Developing a Company inside a “Kiretsu” Network

Entrepreneurs create value. Or at least that is the idea. Scalability is the key to create this value. This should be done by making clever use of networks, and not by controlling everything yourself. Make use of the best skills of others, focus on your own “differentiating skills and ideas”.

Triangle of value creation
The triangle of value creation identifies the interaction between market/market access, product/technology and money. Having money, a product or technology alone will never be sufficient to create value. In a few cases, only having market access is enough to establish a valuable company. To have market access, networks are distribution relationships are essential.

Outsourcing and suppliers
In a Kiretsu-group there is an understood role and use of networks.
Scale is achieved more cleverly when the firm depends on its network, and when non-core activities are outsourced. Outsourcing makes a firm more flexible. Prerequisite for the sustainability of such a firm is multi-sourcing. This means that the firm always has at least two sources for every supply, to prevent too much dependability. When one supplier cannot deliver a promise, the firm can turn to the second supplier and does not have to say no to its customer. In practice, this gets more difficult the more high-tech a firm becomes.
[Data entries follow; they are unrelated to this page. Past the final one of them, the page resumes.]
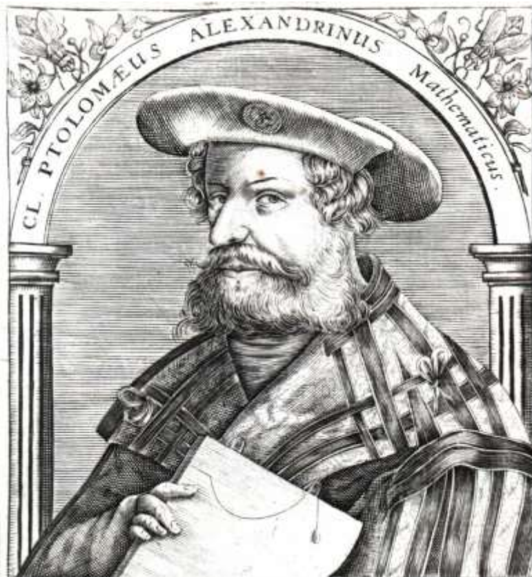
พระเจ้าอเล็กซานเดอร์
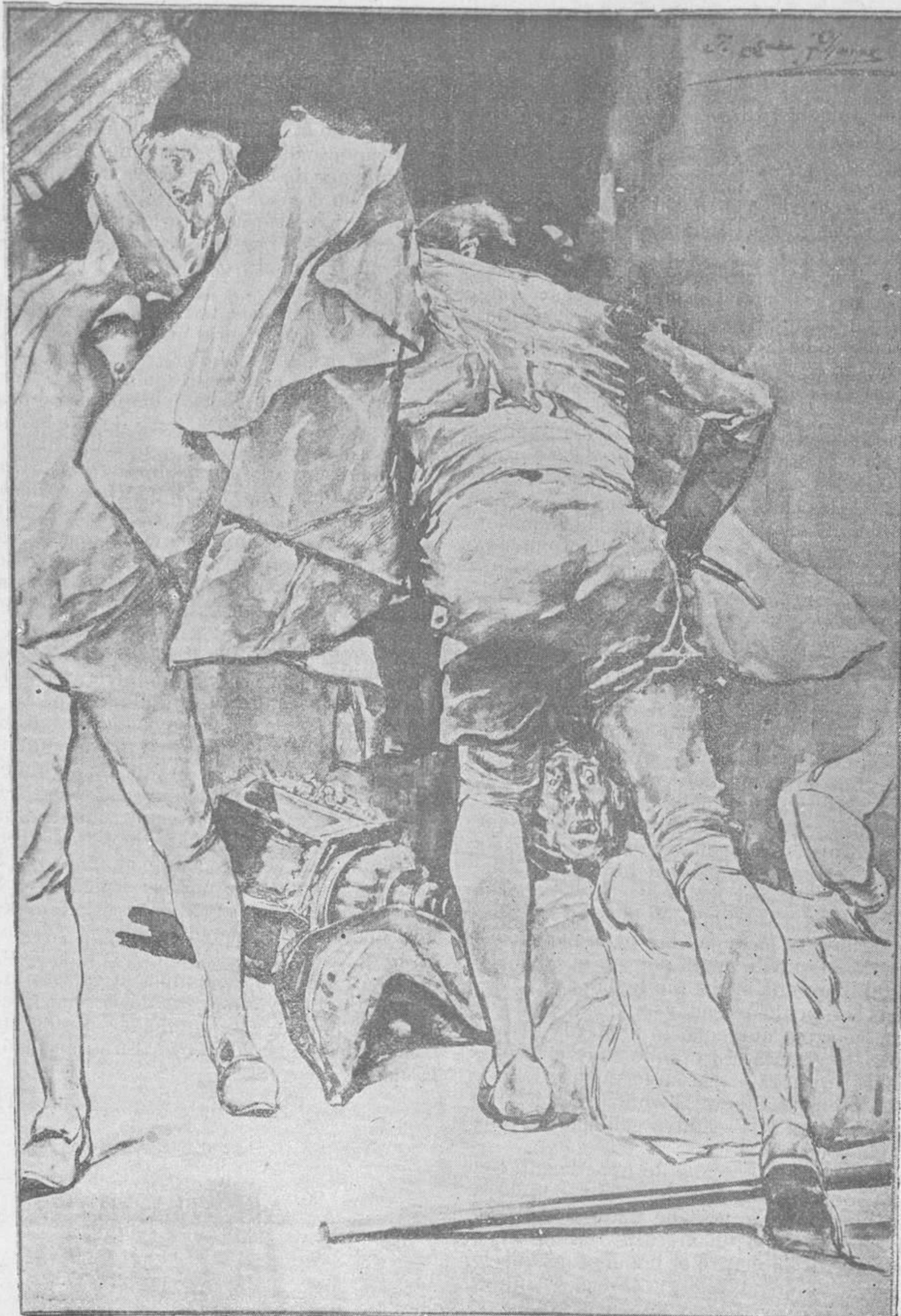
GARCÍA RAMOS. — EL ROSARIO DE LA AURORA.

El sacerdote es la conciencia del árbitro del hogar
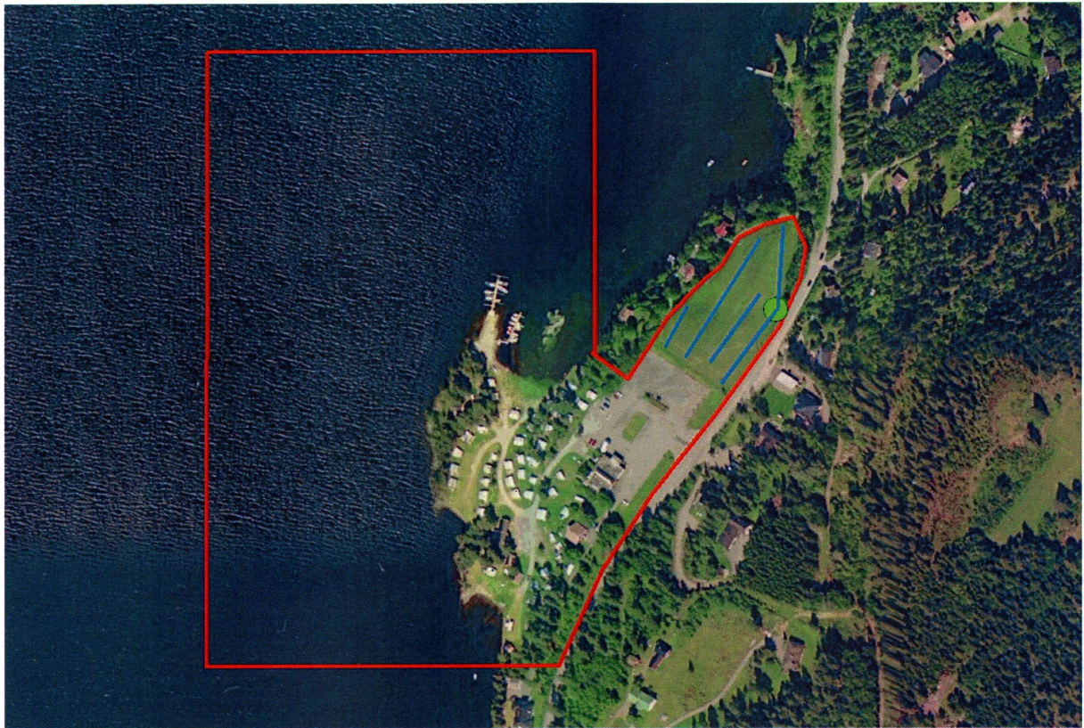
Satelittfoto over planområdet
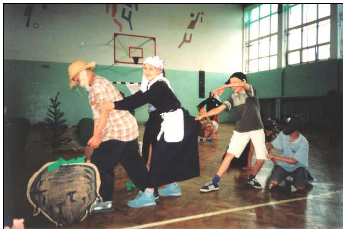
Czy uda się wyciągnąć rzepkę?
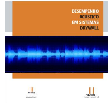
Desempenho Acústico em Sistemas de Drywall (Associação Brasileira de Drywall)
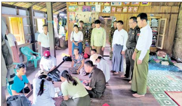
တနင်္သာရီတိုင်းဒေသကြီး ကျွန်းစုမြို့၌ လူဦးရေနှင့် အိမ်အကြောင်းအရာသန်းခေါင်စာရင်းကို မြို့နယ်အတွင်းရှိ မြို့ပေါ် ရပ်ကွက်များနှင့် ကျေးရွာများတွင် စတင်ကောက်ယူစဉ်။ ထက်မြင့်(ကျွန်းစု)
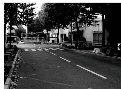
Une difficulté impossible à résoudre...

→ Tenir compte de tous les modes, penser à tous les usagers
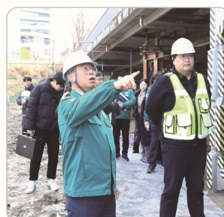
수내교 안전점검 (2024. 1.18)
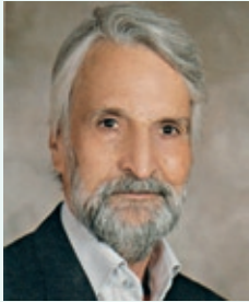
تشکر و قدردانی

بدین وسیله از الطاف تمامی بستگان، دوستان و سروران گرامی، اساتید، دانشگاهیان و فرهنگیان گرانقدر، جامعه محترم پزشکی و مهندسی استان، همکاران اداره مخابرات مشهد مقدس که ما را در سوگ از دست دادن پدری دلسوز و همسری مهربان
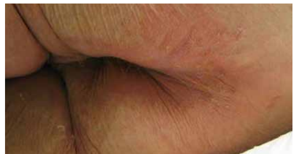
B. 7 Tage nach Lagerung auf der Skin IQ
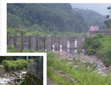
每逢颱風豪雨土石流 都威脅著社區
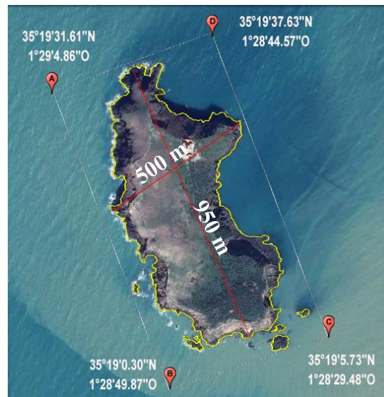
Figure 2. Coordonnées géographiques, longueur et largeur de l'île de Rachgoun (fond de carte, Image CNES/Astrium in Google Earth Pro 2016).

L'île de Rachgoun est située dans la circonscription administrative de la commune de Oulhaça El Gheraba, Daira de Oulhaça El Gheraba et la Wilaya d'Ain Témouchent, entre les coordonnées géographiques « A) 35°19'31.61"N , 1°29'4.86"O ; B) 35°19'0.30"N , 1°28'49.87"O ; C) 35°19'5.73"N , 1°28'29.48"O ; D) 35°19'37.63"N , 1°28'44.54"O » (Fig. 2). Elle s'étend sur une longueur de 950 m pour une largeur de 500 m sur la partie la plus large, occupant ainsi une superficie de 28,5 ha. L'île Layella est située approximativement à moins d'un mile nautique (1700 m) du Cap Accra considéré comme le point le plus proche de l'île du côté continental. Elle est également sous l'influence directe de l'Oued Tafna qui se déverse sur la plage la plus proche de l'île (Plage de Rachgoun).
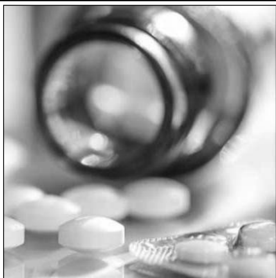
"Vamos a impulsar el tema de salud con diversos proyectos que ya se están trabajando contra la escasez de medicamentos, dar un impulso, un auge a los laboratorios, pero principalmente a los mexicanos".

Detalló que sin detener la reforma, la comisión de análisis que encabezan Leonel Godoy, Olga Sánchez Cordero y el vicecoordinador Alfonso Ramírez Cuéllar recibirán el pliego petitorio que entregarán empleados del PJF, con el objetivo de realizar posibles ajustes previo al debate en lo particular: "Hay diálogo y apertura", consideró.
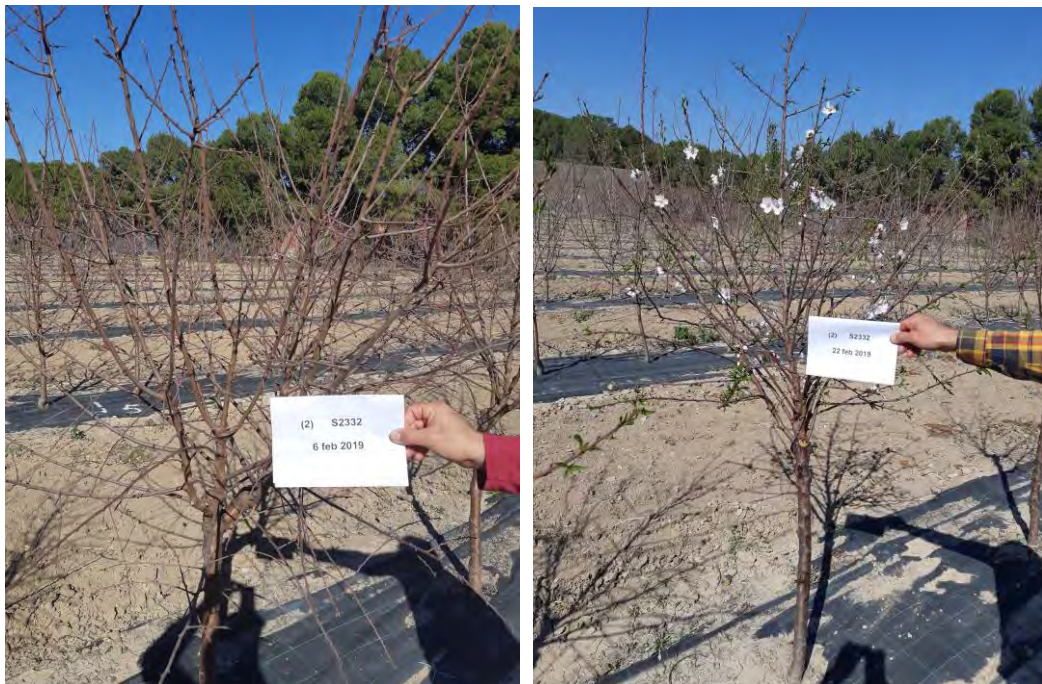
Fotos nº 9 y10. Floración de la variedad `Constantí` sobre patrón `Constantí` en siembra directa el 06/02/2019 y el 22/02/2019.

In any case, one of the goals remains to have few employees, those that you really need, and that you outsource all other activities into a network of relationships, preferably with as few single-dependencies as possible.

Cooperate with your Competitors in new markets
Another interesting aspect of making use of networks to create value is co-opetition in the very early phases of innovation. Normally, in established markets, a company has competitors. In new and early markets, there is little or few competition. In new markets, growth and standards are more important than competition. Therefore Co-opetition (cooperating with your competitors can put priority on growth and can reduce development costs. Customers will see commonalities and choice between few competitors, and the market grows faster than when the leaders confuse the new and early markets.

Reference customer
But of course, the customer is the best proof of your offer. Having an early customer is the best mechanism to promote your product or service. And not to forget: early customers can serve as co-developers of the offer to make it more valuable.